I had a slightly unnerving encounter with our company doctor recently.

Actually, she’s not really a company doctor.  I work for a large international organisation and we don’t have our own doctor but rather one on loan ( or hire, actually) from a large medical association’s ‘rent-a-doctor’ scheme.  This doctor is available to us one day a week.  Truth be told, she is a little bit eccentric, with her constant wide-eyed smile and repetitive giggling.

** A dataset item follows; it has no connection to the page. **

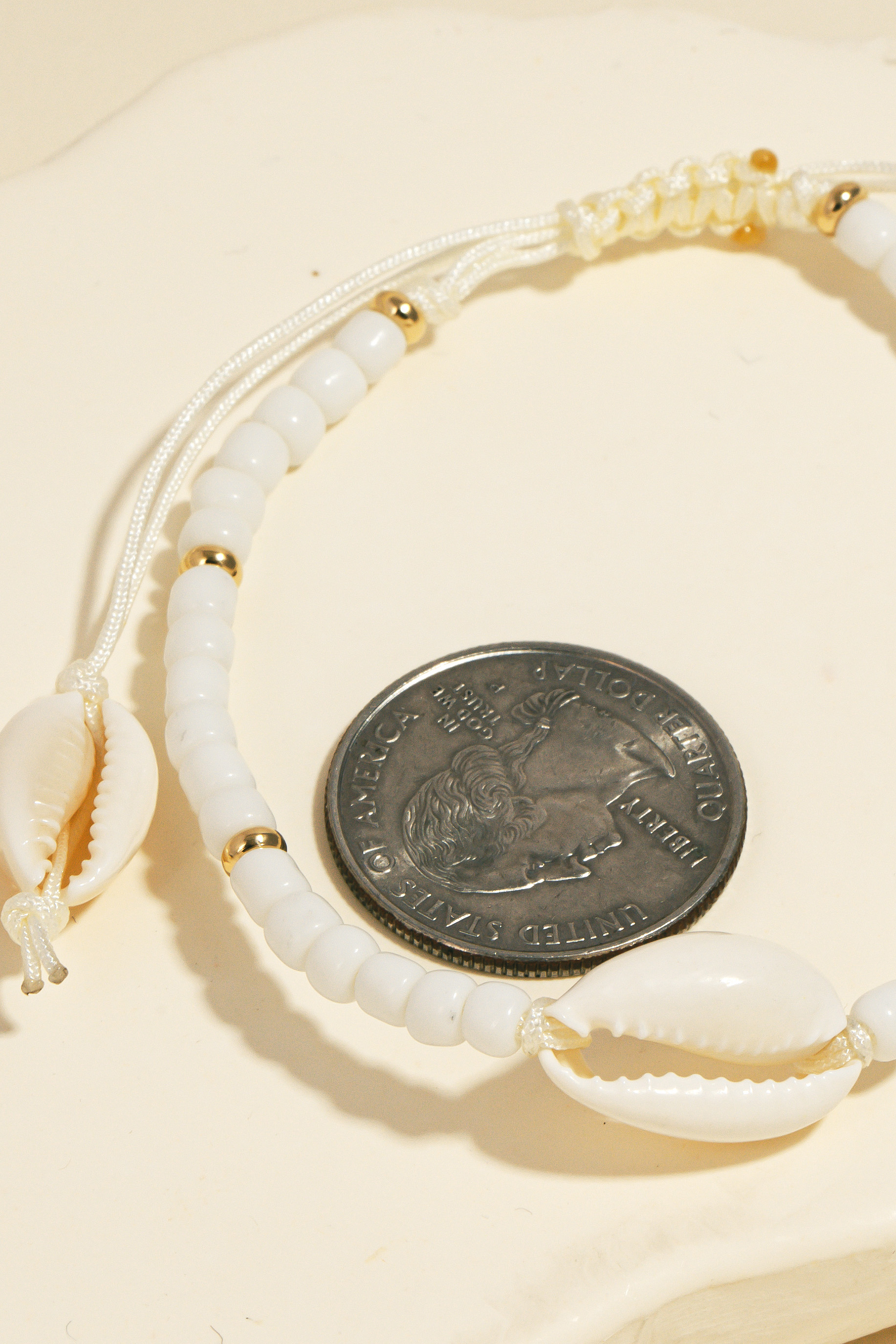 This bracelet is made with 10% Copper, 20% Shell, 60% Glass Bead and 10% Rope.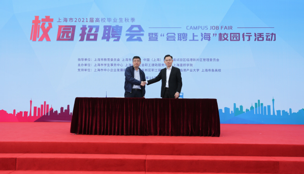 本次招聘会上,上海市学生事务中心与临港新区管理委员会签订了上海自由贸易试验区临港新片区高校毕业生育才选才合作备忘录,双方搭建起一个完善和高效的就业信息平台,从而实现大学生“低成本”就业与用人单位“高效率”选人的双赢目标。

In my place of employment, every member of staff has to undergo an annual medical test which must, presumably, serve some purpose or another.  I’m really not sure what as the tests that are carried out in the nurse’s office and then the doctor’s strike me as a bit random.  There is no fitness or cardio-vascular-type analysis that takes place on the treadmill whilst electrical crocodile clips are clamped onto various parts of your anatomy, there is no urine test, no weight measurements and no looking down your throat or into your ears.  Doctors always do that to my children whenever they have an appointment so I assumed they are standard tests carried out no matter what your ailment.

When I arrived in the nurse’s office, the first thing that struck me was the bitterly overpowering smell of a recent cigarette on her breath.  This lead me to notice that her well-worn clothes (no white coat or rubber gloves in evidence) were slightly grubby, very bobbly and had lots of loose threads hanging from them.  I was pleased to notice, however, that at least her fingers looked well-manicured with short, clean nails.

On to the first check and, coincidentally, my most dreaded: the sight test.

I am always apprehensive before any test involving sight as I know my eyes are about as refined as those of an elderly mole and will yield a dubious result.  I will end up feeling as though I have failed.  I will have to explain, as I do every time, that I can barely read with my right eye whilst my left eye, which quirkily is also my lead eye, is so short-sighted that I qualify for some special discounts on corrective lenses for it.  As you can imagine, covering my left eye and asking me to read a line of letters with my right is no easy task even with the letters close up, huge and well-spaced.  Put them too close together at a great distance and in a microscopic font and you can count me out of the competition.  This sight test had an added novelty factor to it, though, which was that rather than a chart on the opposite wall of the room, the equipment used was desktop and bore a striking resemblance to one of those Viewmaster toys that probably date back to the 1950’s.  Remember them?  They were always postbox red and had a circular cardboard disc with miniature photographic transparencies of famous landmarks and cities that once inserted could be viewed by attaching the Viewmaster to your eyeballs via suction.  I bet Bill Bryson had one.

Viewmaster

The test started and I was all ready to shout out ‘Paris! Rome!’ for comedic effect once we were underway but she stealthily stole my thunder by using the element of surprise.  Instead of pictures, there were three columns (A,B & C) and three rows (1,2 & 3) each containing little boxes or cells some of which had stars in them, spots, numbers, letters or a combination of any of the above.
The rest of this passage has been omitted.